775 P.2d 342 | Or. Ct. App. | 1989
Defendant was convicted by a jury of assault in the second degree, ORS 163.175, after the trial court admitted the victim’s hearsay identification of defendant through medical records and testimony. Defendant assigns error to that ruling. We affirm.
On May 25, 1988, at about 4:00 a.m., the victim, defendant’s girlfriend, went to the emergency room at the Bay Area Hospital in Coos Bay. She had been very severely beaten, sustaining massive bruises over her entire body. The majority of the bruises were about two to three inches wide. In one place on her back there was a “very clear” buckle mark, indicating that the beating had been inflicted with a belt.
Dr. Hoewing, the emergency room physician who treated the victim that morning, testified at trial that such injuries gave him special cause for concern, because they were consistent with the patient’s involvement in an abusive relationship. Hoewing testified that such patients are often, because of psychological dependencies, unable to leave the abusive relationship and unwilling to report the abuse. In such cases, Hoewing attempts to discover the history of the patient’s relationship with the assailant so that, in a proper case, he may advise the patient to leave the relationship and to seek psychological counseling. Hoewing includes such advice as part of his treatment regimen for such cases, because people who remain in such relationships “frequently [come] to very serious physical harm.”
The victim was initially unwilling to discuss her injuries or to say what had happened to her, wishing merely to be examined, treated and allowed to leave the hospital. Because of the serious nature of her injuries, however, Hoewing talked with her for some time. After the doctor explained to her that he needed to know her prior history in order to provide her with the best possible treatment, she identified defendant as her assailant.
1, 2. Defendant contends that the doctor’s testimony about the victim’s identification of defendant as her assailant was hearsay, OEC 802, and should not have been admitted. However, some hearsay is admissible in spite of the general rule against it. OEC 803(4) provides for admission of
“[statements made for purposes of medical diagnosis or treatment and describing medical history, or past or present symptoms, pain or sensations, or the inception or general character of the cause of [sic] external source thereof in so far as reasonably pertinent to diagnosis or treatment.”
We have adopted the interpretation of that hearsay exception originally enunciated in United States v. Iron Shell, 633 F2d 77, 84 (8th Cir 1980), cert den 450 US 1001 (1981). Medical hearsay is admissible if, first, the declarant’s motive in making the statement is to promote treatment or diagnosis, and second, the content of the statement is such as a physician would reasonably rely upon in treatment or diagnosis. State v. Vosika, 83 Or App 298, 731 P2d 449, on reconsideration 85 Or App 148, 735 P2d 1273 (1987).

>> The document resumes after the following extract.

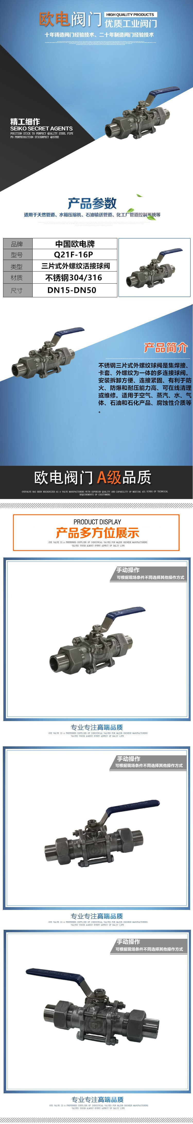 不锈钢三件式外螺纹球阀是集焊接,套圈和外螺纹于一体的多连接球阀,安装和拆卸方便,连接迅速,具有不错的防火,防爆和耐高压性能,可清洗或在线维修。适用于空气,蒸汽,水,天然气,原油和石化产品,腐蚀性介质等。

Defendant argues that the state laid an insufficient foundation for admission of the disputed testimony under the Iron Shell test, because it did not establish that the victim’s motive in making the statements was to promote her diagnosis or treatment. We presume that the trial court found to the contrary. Harpole v. Paeschke Farms, Inc., 267 Or 592, 598, 518 P2d 1023 (1974). Because that presumed finding is supported by the evidence, we reject defendant’s contention.
Affirmed.
Hoewing’s testimony that the victim identified defendant as her assailant was admitted over defendant’s objection.